The success of the Combo meals from the initial starters made other QSRs follow suit. Also, Consumer Goods companies, especially the premium ones, had to key into the sachet market by packaging their products into smaller sachets at affordable prices, to grow market share and bolster demand for their products.
However, a typical Burger King Bacon Cheeseburger that costs $1.49 (N610.9), when compared with a normal small beef Burger of N300-N500 could appear expensive. Burger King’s target market may then not be those who would be overly concerned about price.
“The Nigerian market is not really a rewarding market. When the price is cheap there is always that new craving by consumers to taste the new thing in town,” Ayorinde Akinloye, a consumer analyst at United Capital plc, said.
This is not the first time Burger King made a move for the Nigerian market. In 2018, Daniel Schwartz, chief executive officer of Restaurant Brands International, the parent company of Burger King, made a similar statement of penetrating the market but the company failed to show up.
Burger King outlets are already in seven African countries – Egypt, Ghana, Ivory Coast, Tunisia, Kenya, South Africa, and Morocco.

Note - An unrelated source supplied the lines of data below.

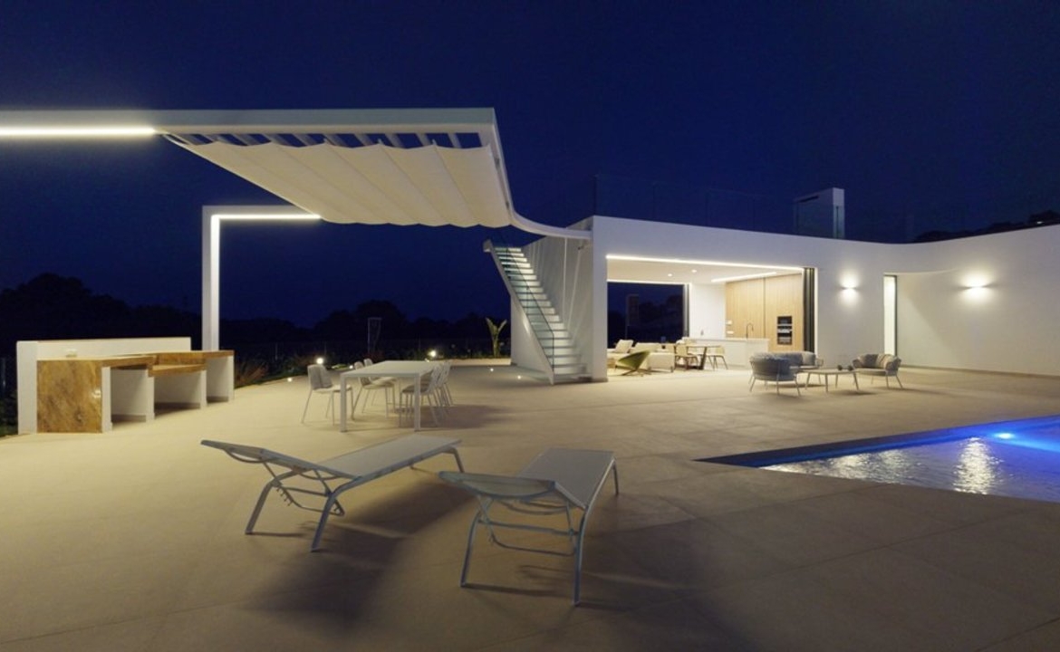 Statement Villa. A Stunning 3 bedroom 3 bathroom detached villa for sale on this prestigious award-winning development, this key ready luxury home offers intelligent home features, a lovely curved private pool, garage, and underbuild rooms plus a sweeping curved full size 113m2 solarium with stunning views.
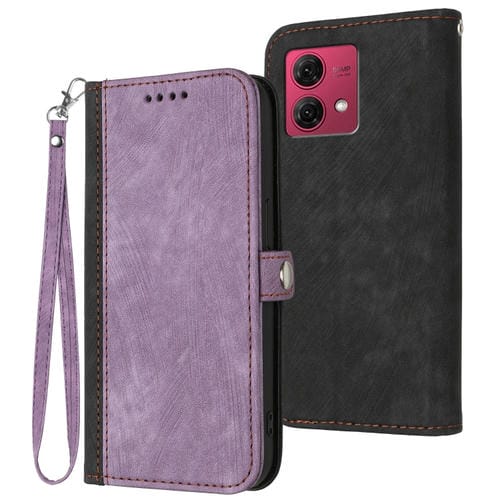 - 1x Funda de Cuero para Motorola Moto G84 5G con Correa de Mano, Doble Pliegue y Hebilla Lateral (Púrpura)
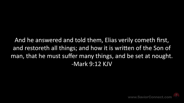 And he answered and told them, Elias verily cometh first, and restoreth all things; and how it is written of the Son of man, that he must suffer many things, and be set at nought. -Mark 9:12 KJV

Abiola Gbemisola, a consumer analyst at FBNQuest, states that the Nigerian market is a multidimensional market, no single strategy can win the market because it is not effectively identified.
“Their strategy may not be only focussing on aspirational Nigerians but a mix of volumes as well as premium. What that means is that they will establish a brand name by targeting working-class and premium consumers in high-end locations, and over time they will begin to pursue volumes by going to other places to attract a larger number of consumers,” Gbemisola says.
The service sector is seen as the second largest employer of labour in Nigeria, and if Burger King makes good on its planned launching it could contribute towards generating some of the much-needed jobs.
“It is always good to see foreign brands that are held in high esteem come into Nigeria. They are extending their franchise to a new market but also creating employment opportunities for Nigerians,” Egbas states.
In addition to the opportunities that it might bring, there are also fears that the burger giant may affect the demand for substitute products like pizza, shawarma, small chops, and other pastries.
“If their Burger is juicy, fresh, nutritious, and cheaper than other substitutes, people will prioritise it over other things just to get their product,” Cheng Fuller, a retail expert, says.